必死の訴えにも聞く耳を持ってもらえなかったという主張だが、それでも諦めきれず、叡敦さんがこのテープを郵送するとB氏から「会おう」という電話があったという。

〈12月22日、大阪梅田のワシントンホテルの喫茶店でBと会いました。持参した手紙をその場で朗読し、手渡しました。その後、Bは、食事に向かうタクシーのなかで、私に「御見舞/身内」と書かれた熨斗袋を渡してきました。要らないと私が言っても、押し付けてきました。口止め料という趣旨だと思いました。後で中を確認すると100万円が入っていました〉(同)

ニュース・ポストセブン引用

天台宗の出方は?

眼鏡をかけた女性

叡敦さんのこの度の訴えは、損害賠償ではありません。

大阿闍梨と加害者僧侶の、天台宗僧籍をはく奪することを求めています。

性加害の苦しみは、いくらお金を積まれても消えるものではないし、汚い口封じのお金をもらった経緯から、そう判断したようです。

ただ、当の天台宗側の返答は芳しくありません。

天台宗務庁に対し、筆者はB氏の行いと主張されている内容についても見解を問う質問を送ったが、「現在、天台宗の宗規に照らし合わせながら、対応を検討しております」というのみ。

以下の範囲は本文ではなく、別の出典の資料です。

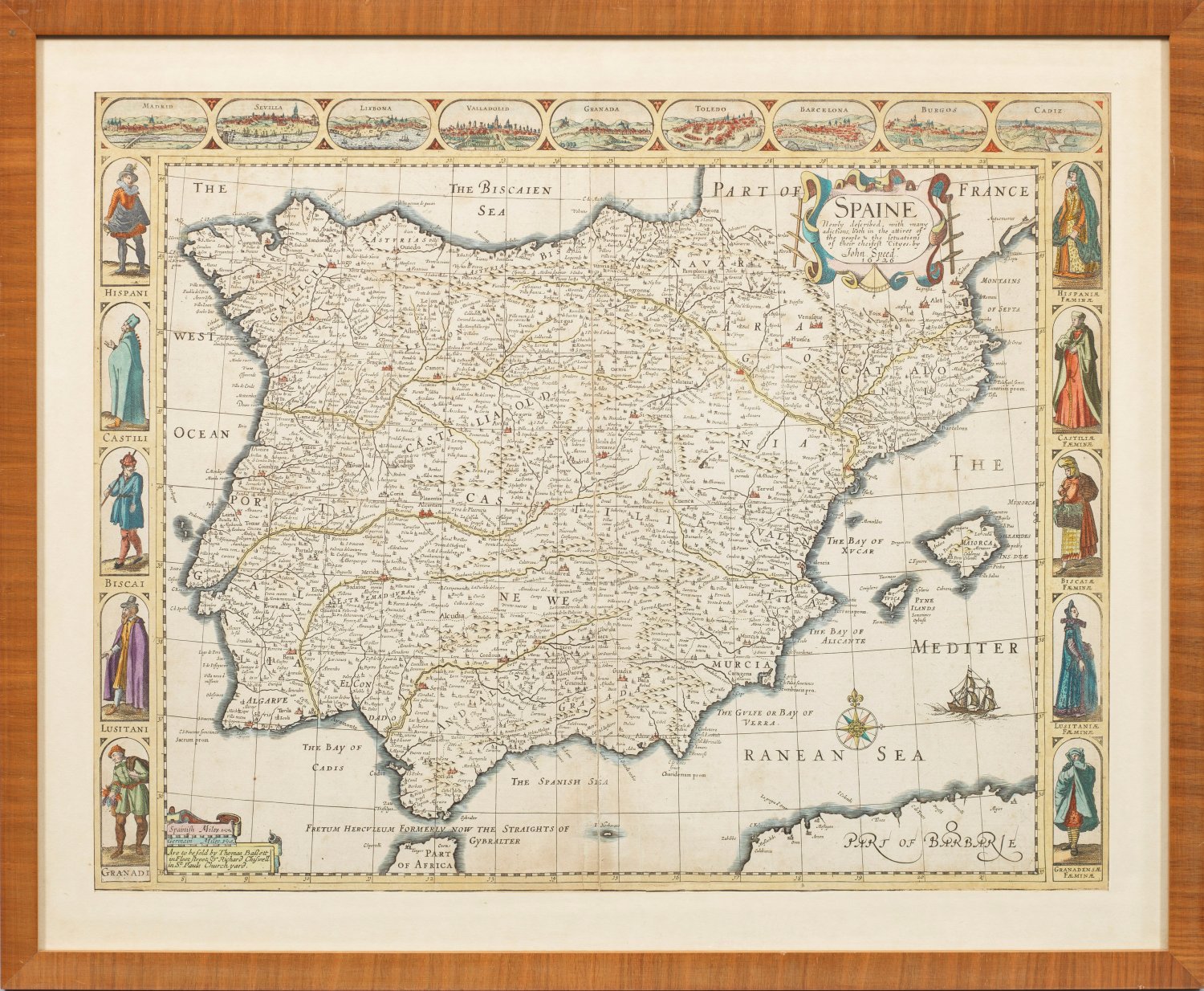 Altkolorierter Kupferstich von John Speed (1551/52 - 1629), erschienen in "Prospect of the Most Famous Parts of the World", published by Thomas Bassett und Richard Chiswell, London 1676. Grenzkolorierte Karte der Iberischen Halbinsel mit den Ländern Spanien und Portugal, flankiert von zehn Kostümdarstellungen und oberhalb abgeschlossen von neun Ansichten der wichtigsten Städte. Passepartoutausschnitt 41,8 cm x 54,2 cm. Rahmen.

懲戒審理申告を正式に受理するかも含めて対応を検討中だという。

ニュース・ポストセブン引用

おそらく、日本に6人しかないという、大阿闍梨であることが、その歯切れの悪い態度の原因でしょう。

加害者側が、下っ端の僧侶だったら、鼻息荒くして「けしからん!」って懲罰を決定すると思いますよ。

天台宗務庁が、大阿闍梨に逆らえるかな・・・

それでも、もし、天台宗側が、叡敦さんの訴えを握りつぶして、当のふたりにお咎めなし!という判断を下したとしたら、それこそ、天台宗の威厳は地に落ちることでしょう。

この度、叡敦さんは、同じような立場で虐げられている女性の希望になったことと思います。

自衛隊の性加害問題やジャニーズの件など、声を上げる性被害者が出てきています。

まだまだ加害者側を擁護する声が多く、被害者に暴言を浴びせる輩もいるようですから、十分には変わっていませんが。

それでも、戦う被害者が出てきたことは、喜ばしいことです。

命を懸けて修行をし、仏に使える高僧ならば、嘘のない供述をしてほしいものですね。